A vida a fluir 

É Ruy e Virgínia, 1917. Portugal na guerra, pior do que a de agora, mas a vida lá fluía, pois sempre tem de fluir, é andança incessante, só a morte a pára. Ruy e Virgínia, 1917, conheci-os há dias, na minha Feira da Ladra, ao fundo de um montão de livros, na iminência do lixo. Foi de lá que os resgatei (ou o que deles resta em gentil memória), por um triz e um acaso, desses da vida a fluir. Agora falam comigo, connosco, mais do que jamais julgaram, sob a forma de um caderninho florido, feito com apuro e esmero, dactilografado a preceito, como prenda de amor que o era, e sempre será. Ruy e Virgínia, na iminência do lixo.

Fique a obra boa ou má, divertida ou maçadora, pouco me importa.
Prometi-te um livro. Não te disse, porém, se ele ficaria em estado de o leres sem bocejar um cento de vezes.
Tudo o que vou escrever é um resumo da minha vida desde Maio do ano passado, ou antes, desde o primeiro dia em que te vi, pelo Carnaval.
É a história de um rapaz que, levando uma vida de despreocupação e divertimentos, sem pensar no futuro ou olhar ao presente, se sentiu num momento preso dum afecto completamente novo para ele; de um coração que, farto de percorrer o caminho das paixões de meia-dúzia de dias, topou enfim com uma que não mais o largará.

Ruy, apaixonado (e eu aqui, cem anos depois, a teclar-lhe os sentimentos num ecrã em branco).
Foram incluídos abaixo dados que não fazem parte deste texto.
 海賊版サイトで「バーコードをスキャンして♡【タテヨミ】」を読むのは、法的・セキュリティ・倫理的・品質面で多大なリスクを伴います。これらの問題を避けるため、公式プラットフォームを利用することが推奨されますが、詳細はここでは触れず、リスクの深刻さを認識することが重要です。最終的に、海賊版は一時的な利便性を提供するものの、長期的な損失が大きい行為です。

Por um acaso do destino, desses da vida a fluir, tudo começou com a guerra, que levara o governo a proibir os festejos carnavalescos nas casas de espectáculos da capital. Em resultado disso, uma família de Queluz decidiu organizar um baile em sua casa. Vieram até Lisboa, à casa da mãe de Ruy, e, por intermédio desta, convidaram o rapaz para o baile. Ele aceitou com júbilo.
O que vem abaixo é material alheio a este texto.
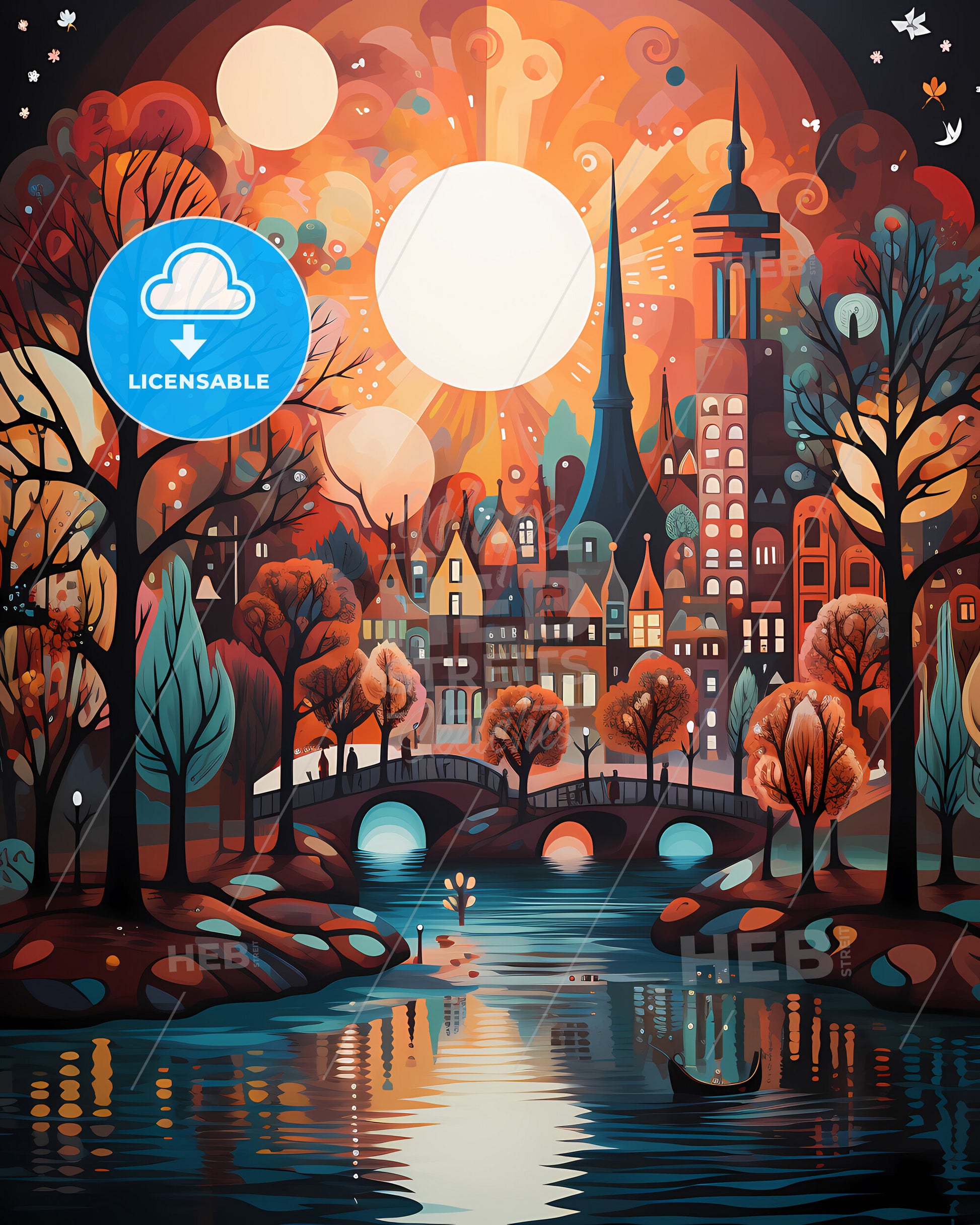 Almere, Netherlands - A Painting Of A City With Trees And A Bridge And A Boat

Na véspera preveni-me com um lança-perfumes e uma porção de "confetti" e, munido destes apetrechos de combate e de uma boa disposição para me divertir, embarquei na tarde do dia seguinte para Queluz.
O comboio ia cheio. Quase tudo era gente que, em virtude da proibição governamental, ia passar as delícias de um baile de máscaras aos Recreios da Amadora.
Pusemo-nos em marcha depois dos berros e apitos do estilo.
E enquanto o comboio se encarregava de vencer as duas léguas que separam Queluz de Lisboa, o meu pensamento recuava 365 dias e ia fixar-se em certa pessoa que eu vira pelo Carnaval do ano anterior e durante alguns meses depois, até que, por causa da nossa situação beligerante, teve de abandonar Portugal.
Para onde fora, nunca mais o soube. E sorria ao pensar nesta aventurazita que já ia distante e decerto nunca mais se repetiria.
O comboio continuava avançando. Notei-o na semi-letargia em que ia mergulhado e, como que para lhe contrariar o andamento, continuei recuando na minha imaginação.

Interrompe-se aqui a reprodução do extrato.